Other than the transformers themselves, the paper is filled with little gems, optimizing the model. Here are my personal favorite two:
- The authors strictly mention they use Layer Normalization instead of Batch Normalization. Summarizing the original Layer Normalization paper, it basically means normalization isn’t per feature over a batch, but over the entire sample (or layer), each sample by itself. The paper proves LN is better than BN in many cases, and as Geoffrey Hinton is one of the three authors, I’ll take his word for that.
- Each sub-layer of the transformers in the Attention paper is wrapped by a skip-layer, or a residual-block (see image below). The idea behind this block is that given an input x, a network tries to learn some function H(x), which can be loosely written as H(x) = F(x) + x. Using the skip-layer mechanism, we force the middle layer to learn F(x), and according to the original Residual Learning layer, it converges better this way.
(2) BERT: Pre-training of Deep Bidirectional Transformers for Language Understanding
[Paper on arXiv]
Released in 2019 by researchers from Google, BERT is an NLP model non-one could ignore, and took the NLP field one huge leap forward. BERT (which stands for Bidirectional Encoder Representations from Transformers) was developed using transformers, and became a live proof of the power these type of models can hold. Personally, I tend to consider “Attention is All You Need” and this paper as somewhat complementary; the first describing a more general and “theoretical” approach, and the latter uses it for a specific and well-defined task.

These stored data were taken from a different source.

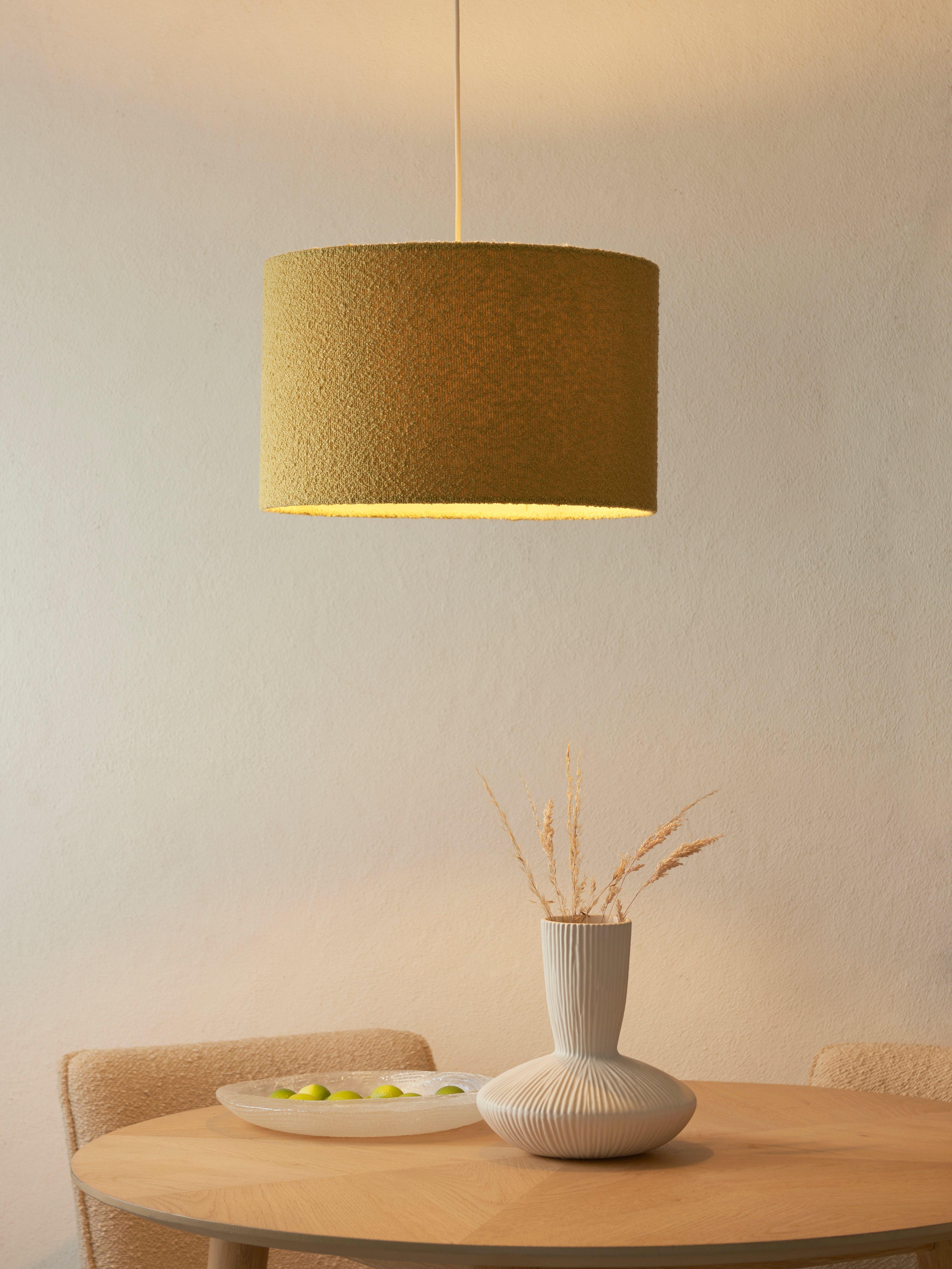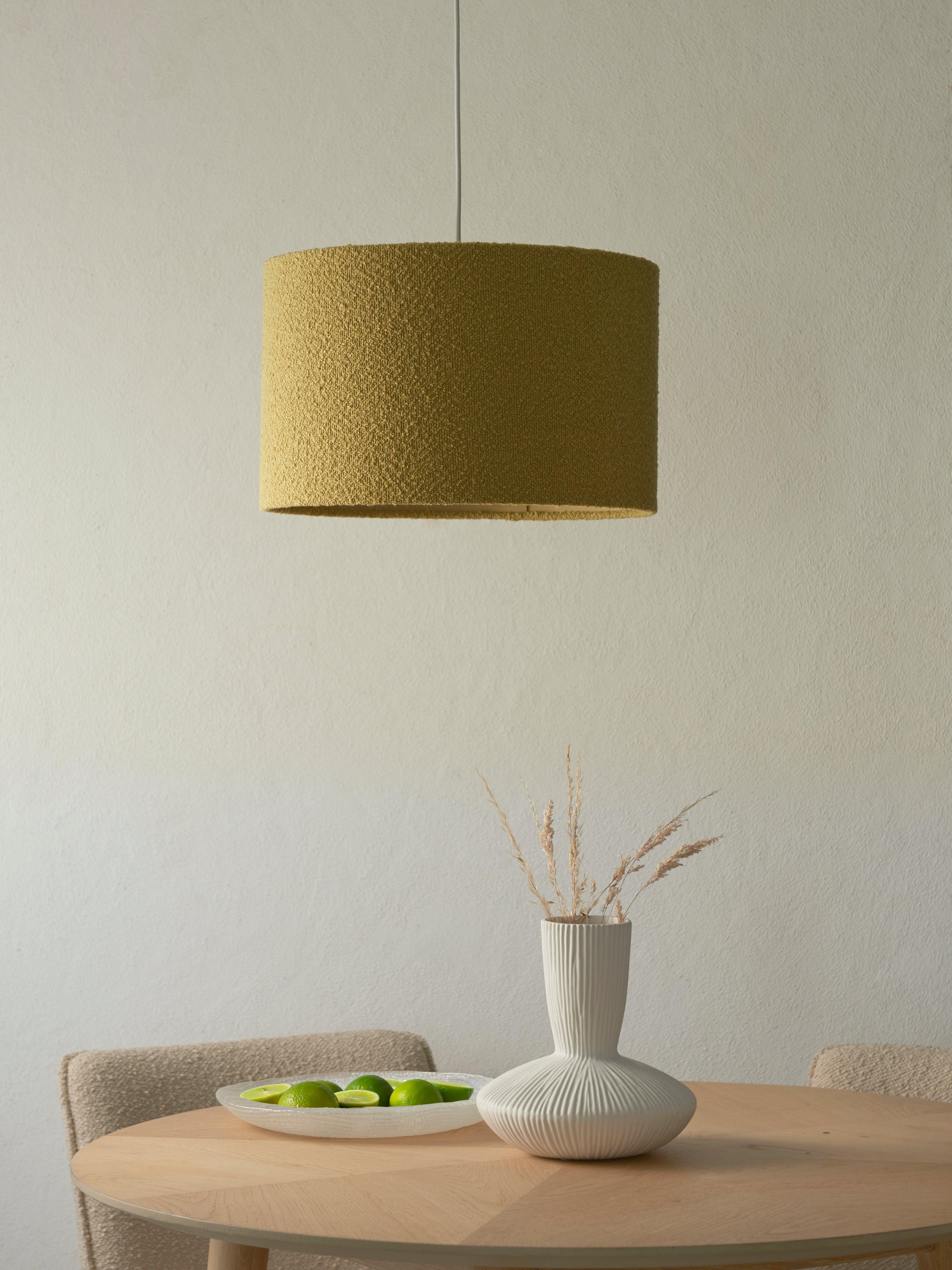 Drum lampshade, designed for a modern look that complements most ceiling fittings in both living rooms and bedrooms. Its trendy boucle fabric brings a sophisticated and warm texture, adding depth and style to any room.
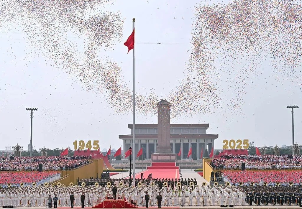 2025年9月3日,纪念中国人民抗日战争暨世界反法西斯战争胜利80周年大会在北京隆重举行。这是纪念大会现场放飞气球。 新华社 图
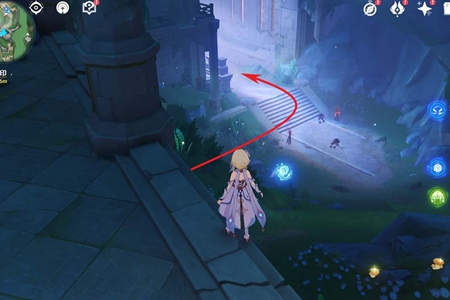 3。然后来到北边的废墟,顺着图中红色箭头的方向,控制水晶向机关发射光束开门。
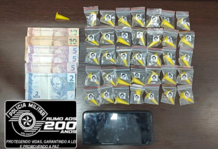 Segundo a PM, ao notar a chegada da viatura, o suspeito — identificado como Leandro, de 30 anos — tentou fugir e jogou um invólucro no chão. Ele foi detido e, durante a revista, os policiais encontraram R$ 37 em dinheiro e um celular Motorola.
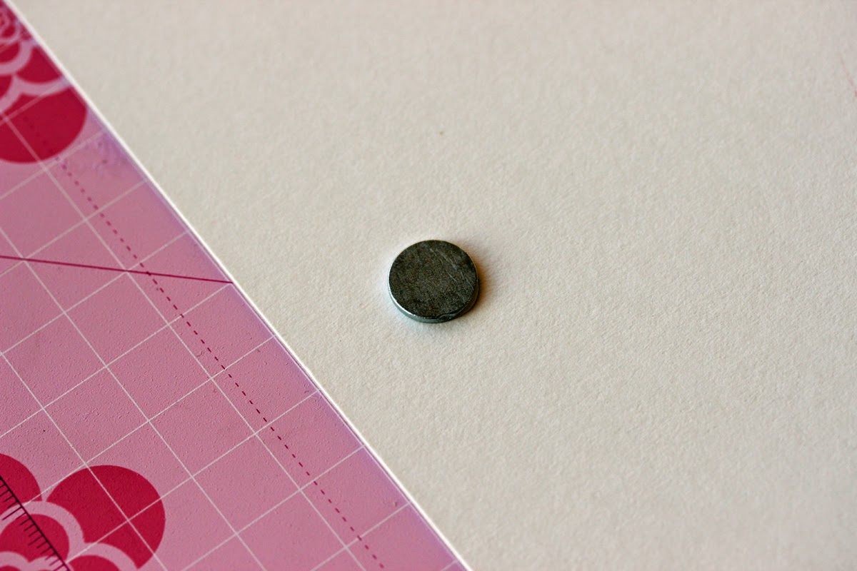 7. Пара тонких круглых магнитов (у меня толщиной 1 мм). Свои папочки я делаю на встроенной магнитной застежке, такая представляется мне наиболее удобной в эксплуатации: магнит надежно удерживает створки папочки от случайного раскрывания, а документ - от сминания, а при необходимости быстро открыть папку не создает никаких преград. К тому же он прикольно клацает при закрывании ) Вообще, конечно, можно делать любую другую застежку - на лентах, на резинке, на хлястике с пуговкой или липучкой, а можно и вообще без застежки - хуже от этого папочка не станет.
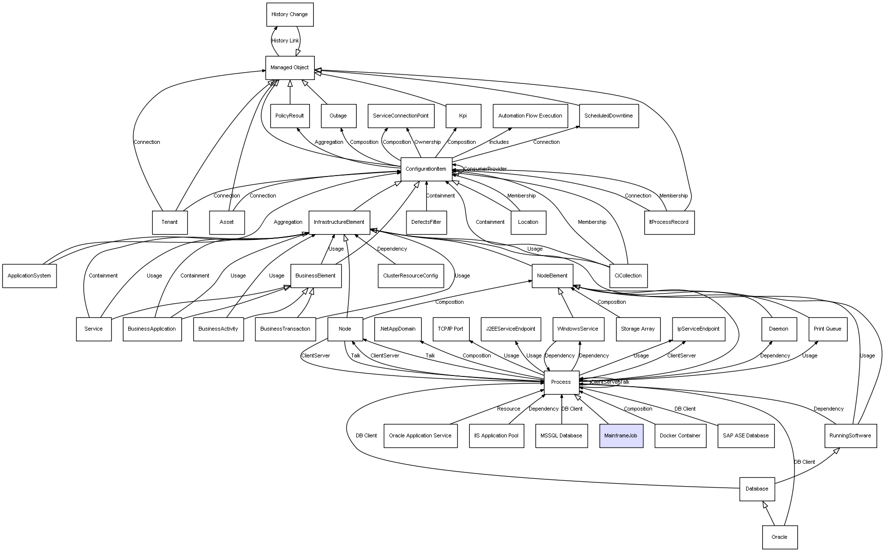 | ConfigurationItem | ServiceConnectionPoint | Composition | Represents a relation between 2 objects where one is contained within the other, and the included object can not exist without its container. Therefore, when the container is deleted, all its contained object will be automatically removed |
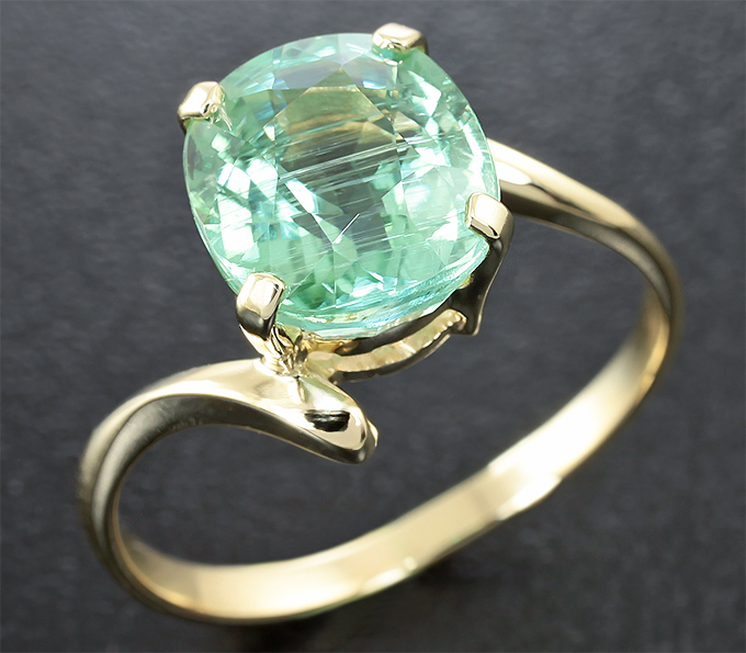 Вашему вниманию предлагается кольцо из желтого золота 585 пробы с парайба турмалином! Площадка 12 х 9 мм, высота 8 мм. Вес изделия 2,9 г. Размер 18. Ниже приводятся ювелирные характеристики вставки.
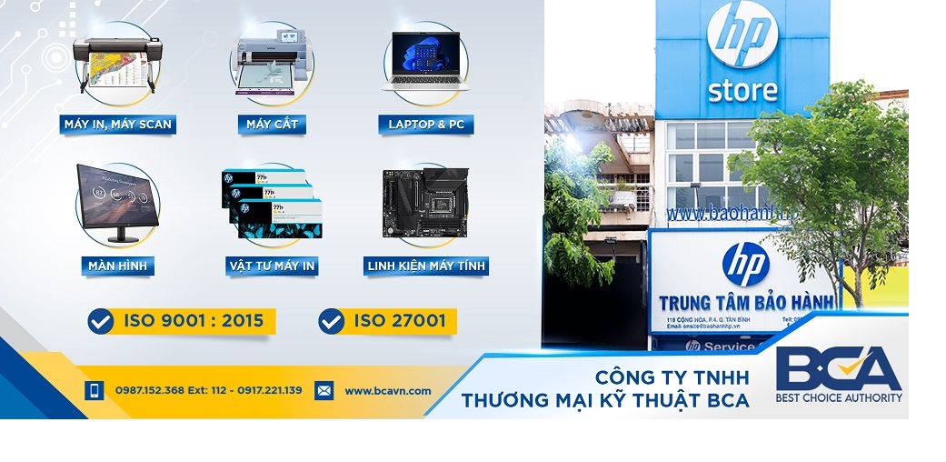 CAM KẾT HÀNG CHÍNH HÃNG 100% CÔNG TY TNHH THƯƠNG MẠI KỸ THUẬT BCA vinh dự được HP Việt Nam xác nhận và chứng thực là đối tác được ủy quyền kinh doanh sản phẩm
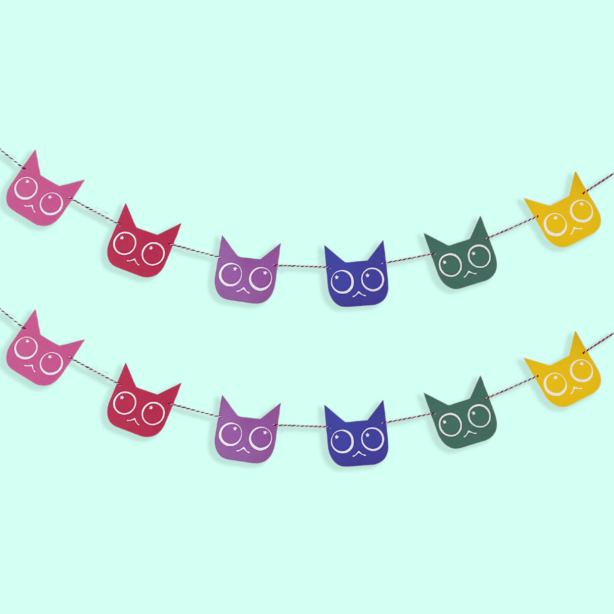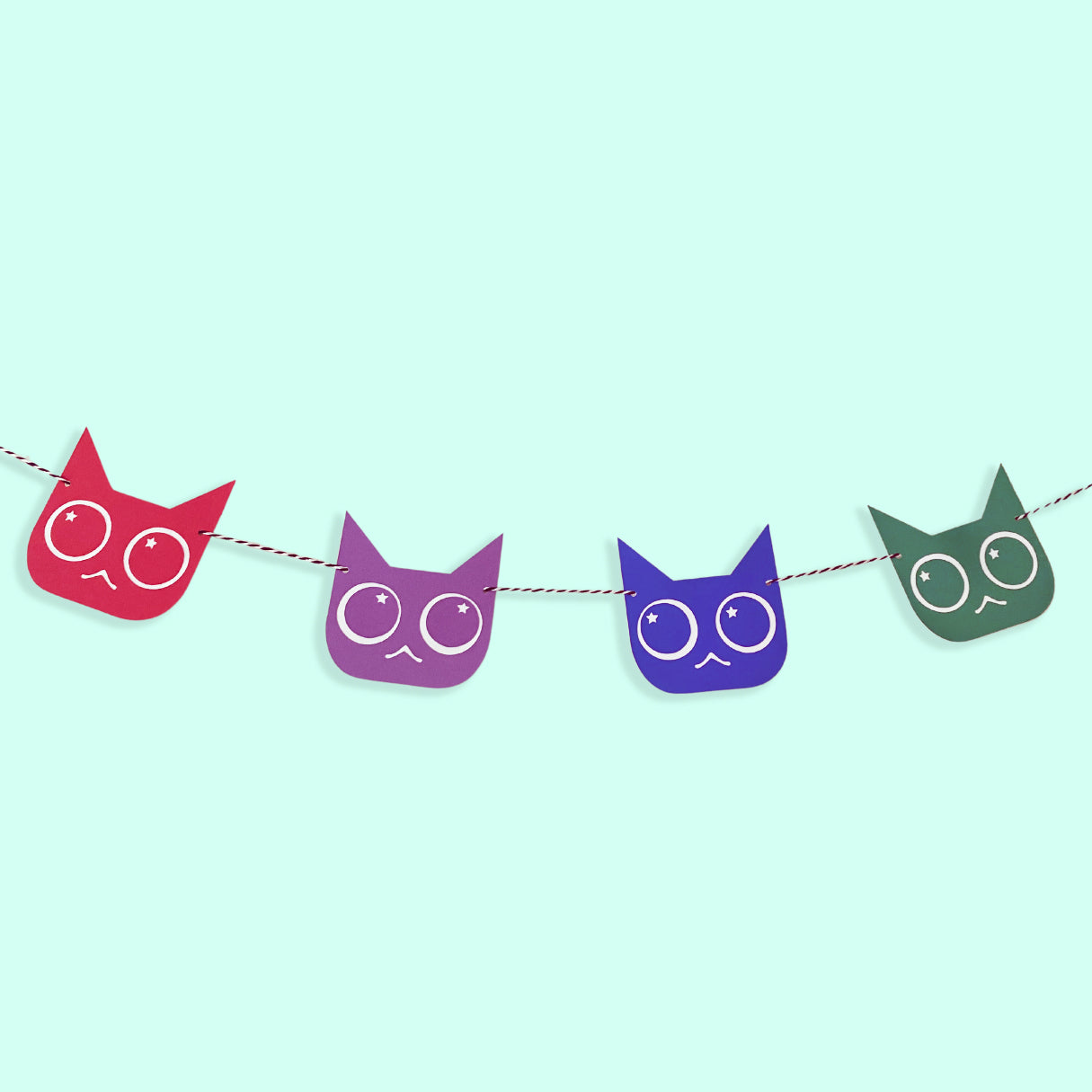 Made in-house with cut cardstock. Strung on black and white baker's twine.

BERT was revolutionary for two main reasons: first, it was able to beat the state of the art results for eleven NLP tasks, and second — it was trained and designed to be used for fine-tuning, so it can be easily matched and tailor-made for any specific NLP tasks.
One of the key-factors which allowed BERT to be trained so efficiently was the use of WordPiece embeddings, which allowed the model to break down words to fragments, making the vocabulary to be learned much smaller.
(3) A Style-Based Generator Architecture for Generative Adversarial Networks
[Paper on arXiv]
This paper, published by Nvidia Labs in the end of 2018, has introduced the world to the StyleGAN model. Ever since Ian Goodfellow introduced the Generative Adversarial Networks (GANs) in 2014, many researchers have done tremendous work in improving GAN capabilities, but mostly by focusing on the discriminator, as better a better discriminator will eventually lead to a better generator. Yet, this lack of focus on the generator itself caused “… the generators continue to operate as black boxes, and despite recent efforts, the understanding of various aspects of the image synthesis process, e.g., the origin of stochastic features, is still lacking”. The idea behind StyleGAN was to allow tuning some of the features of the output image using another input (a second image) by directly affecting the generator itself.
Mixing in the style of one input with the generated second input was done in two main steps — first, the style-input was inserted to a dense network, outputting another learned vector. Second, a novel “Adaptive Instance Normalization” (AdaIN) is applied — the original-image input is normalized, and then the new style-embedding is mixed in:
But what I personally believe is the most interesting part of this paper, is how this model was trained and evaluated. Think of it for a second — there is no dataset the network can learn from. And so, what the researchers did is nothing but extraordinary data science — they understood and leveraged the data they have.
When it comes to the loss, the authors explicitly mention they used the standard GAN loss — it makes sense, as the images produced by StyleGAN should look realistic, just like any regular GAN produces. But when it comes to evaluation — meaning, the output’s style is indeed altered — they noticed what they call “feature entanglement”. They claim that since the photos the network was trained on are real, some facial features are correlated with one another — for example, long hair will usually be associated with women, beards with men, blue eyes with caucasians, etc. So they trained a classifier for about 40 such attributes, and have shown that StyleGAN generated photos with higher attribute-separability than a regular GAN.
(4) Learning Transferable Visual Models From Natural Language Supervision
[Paper on arXiv]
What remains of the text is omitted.